Tremaine and Terrell Edmunds’ Selections in First Round Represent Improvement for Virginia Tech

Terrell and Tremaine Edmunds are the first two brothers to both be selected in the first round of the same NFL Draft in history. (Photo via @coachfostervt on Twitter)

There’s some truth to the notion that Virginia Tech has a recruiting ceiling. Simply put, the Hokies can’t recruit above a certain level.

Raising that ceiling can be difficult. It requires a lot of winning, a lot of fans who care — I’m looking at you, North Carolina — and even a lot of money. It can take a long time to get those things in order.

A quicker way to boost your recruiting profile is to find the “diamond in the rough” prospect, develop him and send him to the NFL. You do that enough, and recruits will see themselves using your school to get to the promised land.

The NFL doesn’t care where you come from. The defending national champion Crimson Tide? Of course. Division II Ashland University? If you’re Chicago Bears tight end Adam Shaheen, yes.

Of course, it’s more likely that you will have a professional career if you play football at Alabama than if you play at Ashland. So as a college coach, you want to send more players to the pros. That is why the selections of Virginia Tech linebacker Tremaine Edmunds at No. 16 (Buffalo Bills) and safety Terrell Edmunds at No. 28 (Pittsburgh Steelers) in the 2018 NFL Draft is so important.

Tremaine and Terrell Edmunds are just the 10th and 11th Virginia Tech players to be drafted in the first round of the NFL Draft, or the 11th and 12th if you count Mike Johnson, who was taken in the NFL’s supplemental draft in 1984. Eleven first-round picks might sound like a decent amount, but when you look at how the Hokies compare to other programs, it isn’t all that much.

Here are the top-10 college football programs, as it relates to first-round NFL Draft picks.

(Note: All figures via Winsipedia and do not include 2018 NFL Draft picks.) 

(Stats via Winsipedia)

Clearly, Virginia Tech doesn’t come close to some of the premiere programs. Virginia Tech’s nine first-round picks entering Thursday was tied for 54th nationwide. When you just compare the Hokies to the rest of the ACC, they don’t stack up well there either.

(Stats via Winsipedia)

This is why Edmunds’ selections are so important. The Edmunds family made history on Thursday night, as Tremaine and Terrell became the first two brothers to be taken in the first round of the same NFL Draft. Virginia Tech needs to show recruits that they can achieve their goals in Blacksburg. Clearly they can, but there are dozens of other schools who have a better track record of sending players to the NFL.

The Edmunds brothers should be used as the poster children for Virginia Tech recruiting. The Hokies will continue to recruit those four and five-star players, but Edmunds gives Virginia Tech a blueprint that they can lay out for the average high school football recruit.
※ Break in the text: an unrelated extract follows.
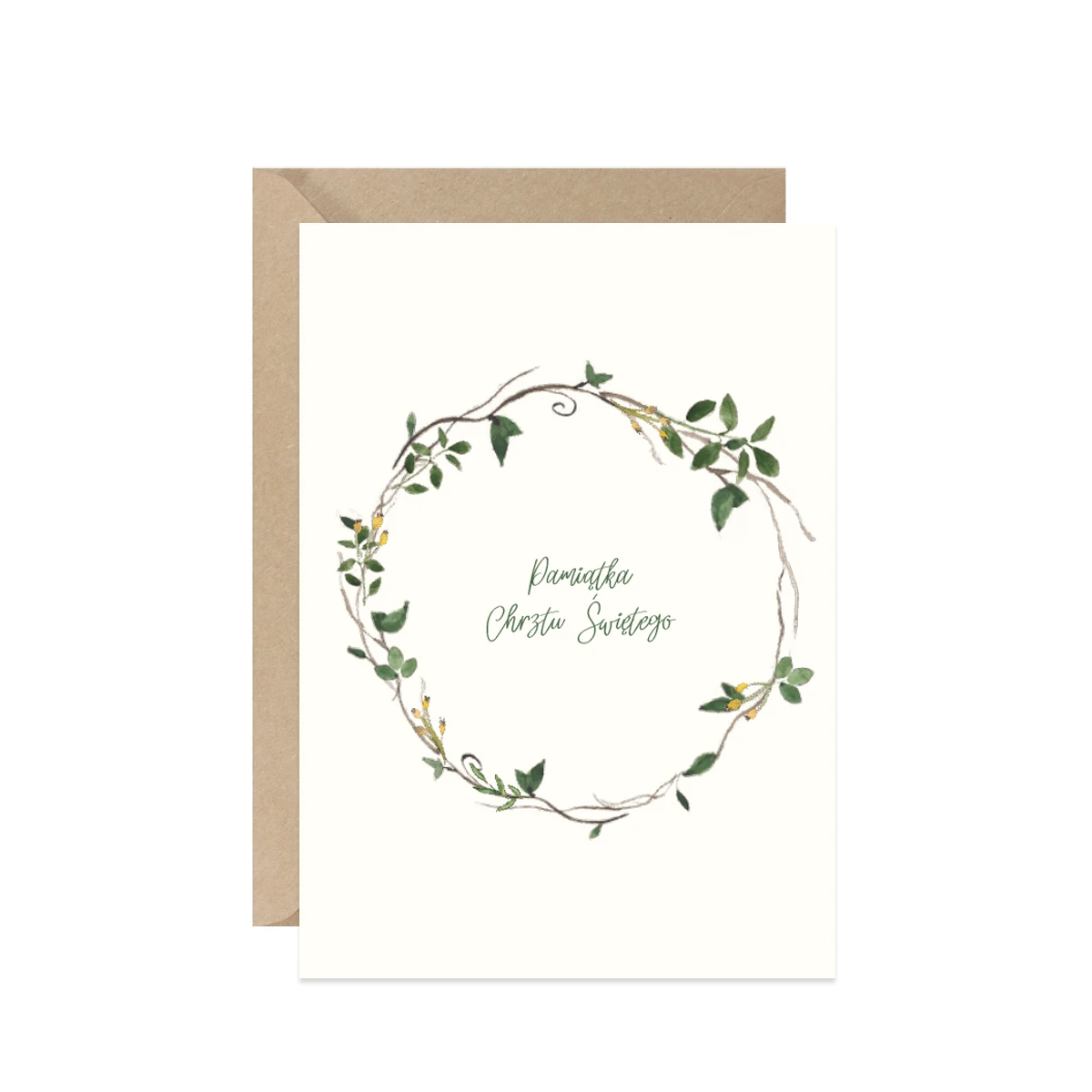 Piękna kartka z wiankiem wiosennym i napisem Pamiątka Chrztu Świętego - doskonała dla chłopca i dziewczynki jako wspomnienie tego ważnego dnia. Kartkę zdobi reprodukcja ręcznie malowanej akwareli.

The youngest Edmunds, Tremaine, wasn’t always a 6-foot-5, 253-pound specimen. The Danville, Va. native was just a three-star recruit in the Class of 2015 with just six other Power 5 offers. Edmunds wasn’t a highly-recruited high school player, and not many thought much of him until 2016, when Edmunds started his first full season for Virginia Tech.

Edmunds turned into one of the Hokies’ best players in his two-plus seasons worth of starts, finishing with 100-plus tackles in 2016 and 2017. Edmunds finished his Virginia Tech career with 10 career sacks and 35 career tackles for loss, both of which are impressive numbers.

Terrell Edmunds wasn’t projected as a first-round pick, but the Steelers clearly saw something they liked. The former three-star defensive back played three positions in the secondary for Virginia Tech, making 31 career starts and six career interceptions. Terrell was stout against the run and though he struggled at times at free safety, he was good in coverage throughout his career and served as a leader for the Hokies.

Virginia Tech was able to coach and develop Tremaine and Terrell Edmunds into first-round draft picks. Their career tracks should show future prospects that even if you aren’t a highly-touted recruit, you can still get to where you want to go at Virginia Tech. The Hokies need more of those examples.

Virginia Tech is making headway in the other areas to raise their recruiting ceiling. The Hokies have won 19 games over the last two seasons, have had greater success in pulling in large donations and have made several facility upgrades with more to come. But if Virginia Tech wants to break through that glass ceiling, they need to have more success sending players to the NFL. Having two of your players go in the first round of the NFL Draft is a step in the right direction.